[Records shown — start]

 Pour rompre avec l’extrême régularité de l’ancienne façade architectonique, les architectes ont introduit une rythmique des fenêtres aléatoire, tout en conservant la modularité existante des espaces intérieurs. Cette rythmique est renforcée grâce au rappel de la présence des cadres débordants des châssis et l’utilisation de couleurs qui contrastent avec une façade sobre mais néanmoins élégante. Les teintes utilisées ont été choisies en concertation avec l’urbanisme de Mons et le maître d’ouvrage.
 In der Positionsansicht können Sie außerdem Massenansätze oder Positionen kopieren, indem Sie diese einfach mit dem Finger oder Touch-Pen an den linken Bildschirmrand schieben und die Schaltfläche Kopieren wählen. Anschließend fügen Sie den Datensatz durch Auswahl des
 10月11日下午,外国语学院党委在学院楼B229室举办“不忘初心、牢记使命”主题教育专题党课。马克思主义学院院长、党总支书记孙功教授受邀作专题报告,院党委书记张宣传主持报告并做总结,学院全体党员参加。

[Records shown — finish]
[Records shown — start]

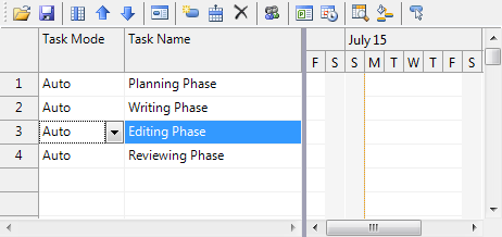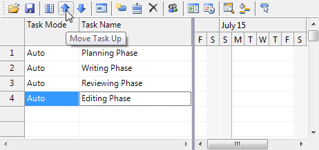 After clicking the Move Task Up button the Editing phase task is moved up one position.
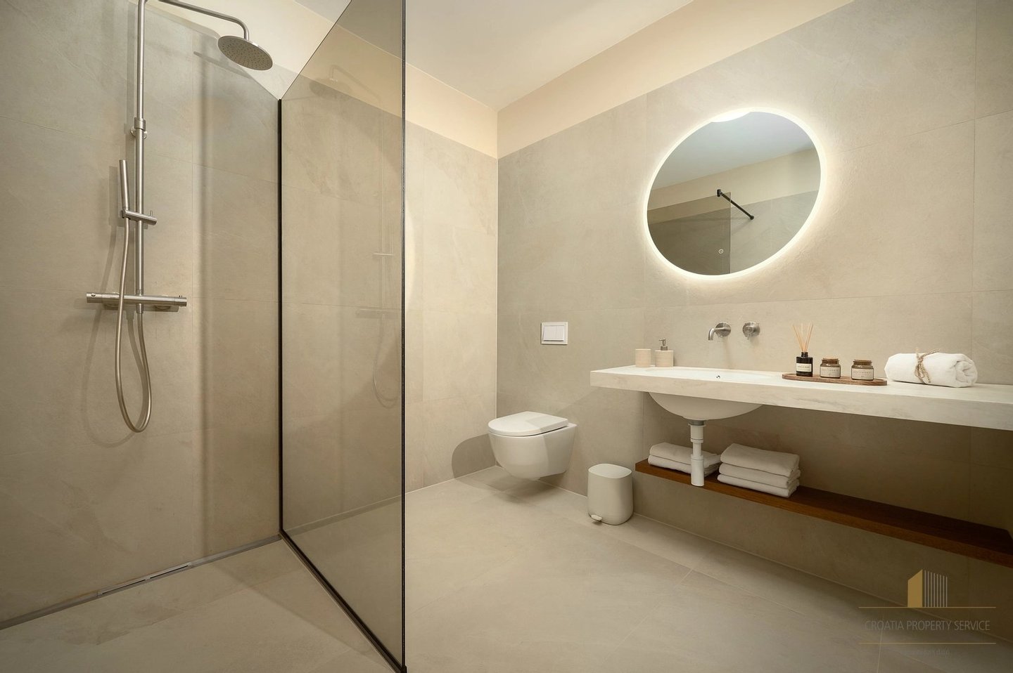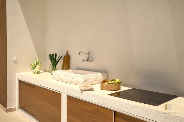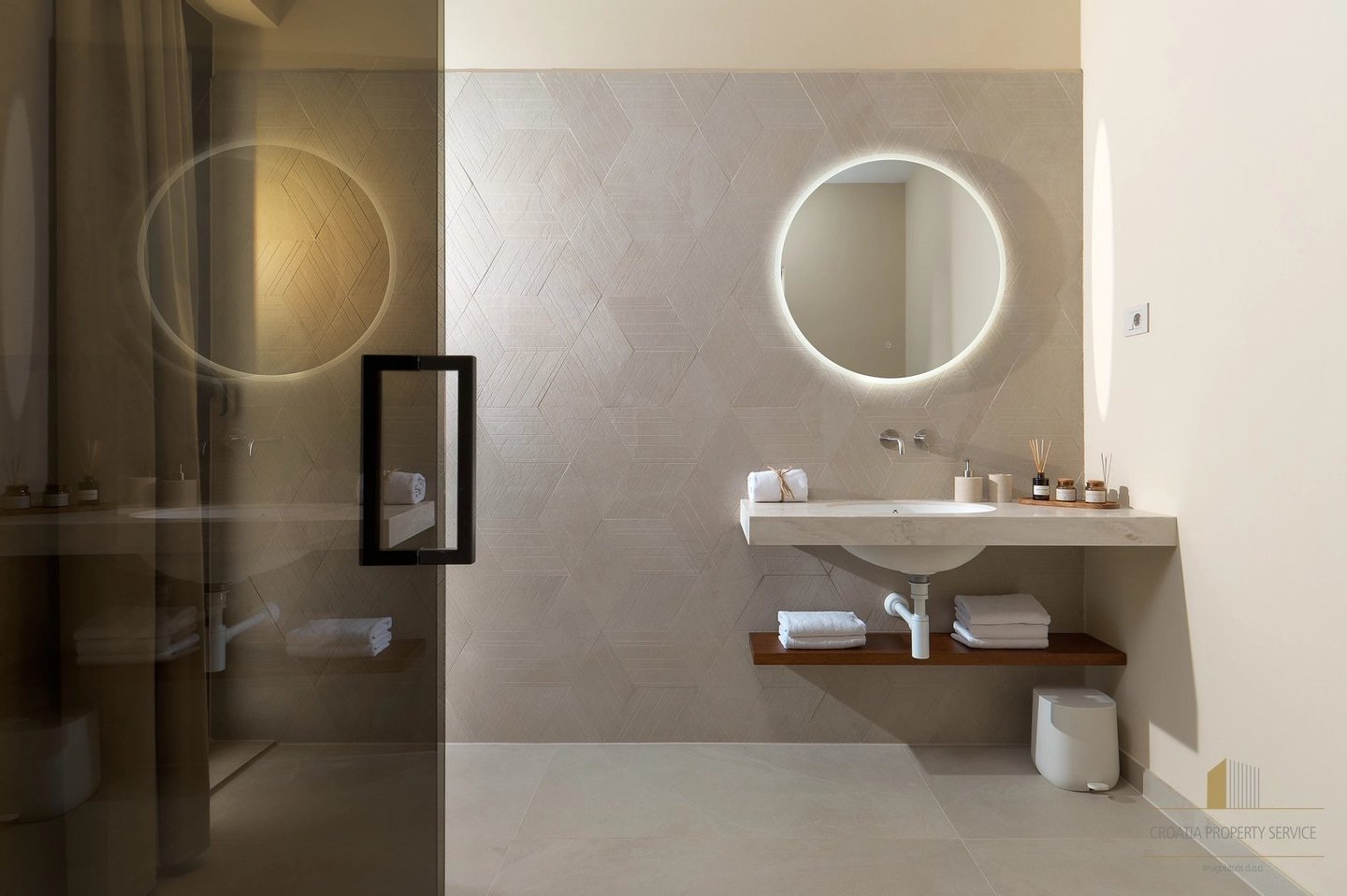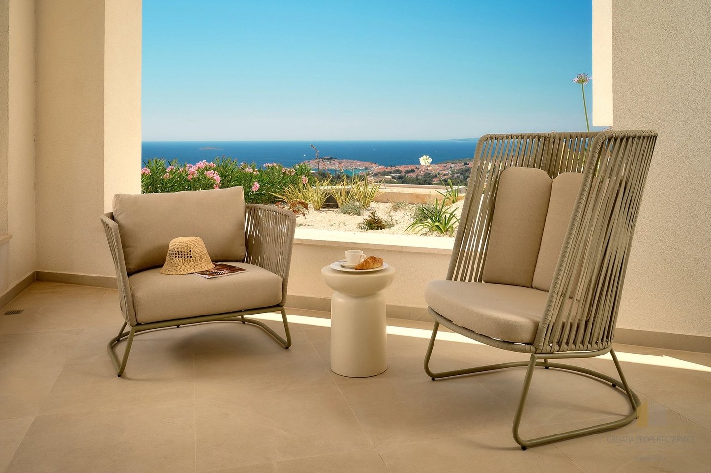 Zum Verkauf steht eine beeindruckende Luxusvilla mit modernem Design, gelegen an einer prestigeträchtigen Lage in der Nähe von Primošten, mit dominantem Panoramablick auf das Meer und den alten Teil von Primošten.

[Records shown — finish]

Everything starting at the line containing "Pour rompre avec" and ending at the line containing "10月11日下午,外国语学院" in the records above should be repeated exactly, and only that.

■ **Solution to the problem**
 Pour rompre avec l’extrême régularité de l’ancienne façade architectonique, les architectes ont introduit une rythmique des fenêtres aléatoire, tout en conservant la modularité existante des espaces intérieurs. Cette rythmique est renforcée grâce au rappel de la présence des cadres débordants des châssis et l’utilisation de couleurs qui contrastent avec une façade sobre mais néanmoins élégante. Les teintes utilisées ont été choisies en concertation avec l’urbanisme de Mons et le maître d’ouvrage.
 In der Positionsansicht können Sie außerdem Massenansätze oder Positionen kopieren, indem Sie diese einfach mit dem Finger oder Touch-Pen an den linken Bildschirmrand schieben und die Schaltfläche Kopieren wählen. Anschließend fügen Sie den Datensatz durch Auswahl des
 10月11日下午,外国语学院党委在学院楼B229室举办“不忘初心、牢记使命”主题教育专题党课。马克思主义学院院长、党总支书记孙功教授受邀作专题报告,院党委书记张宣传主持报告并做总结,学院全体党员参加。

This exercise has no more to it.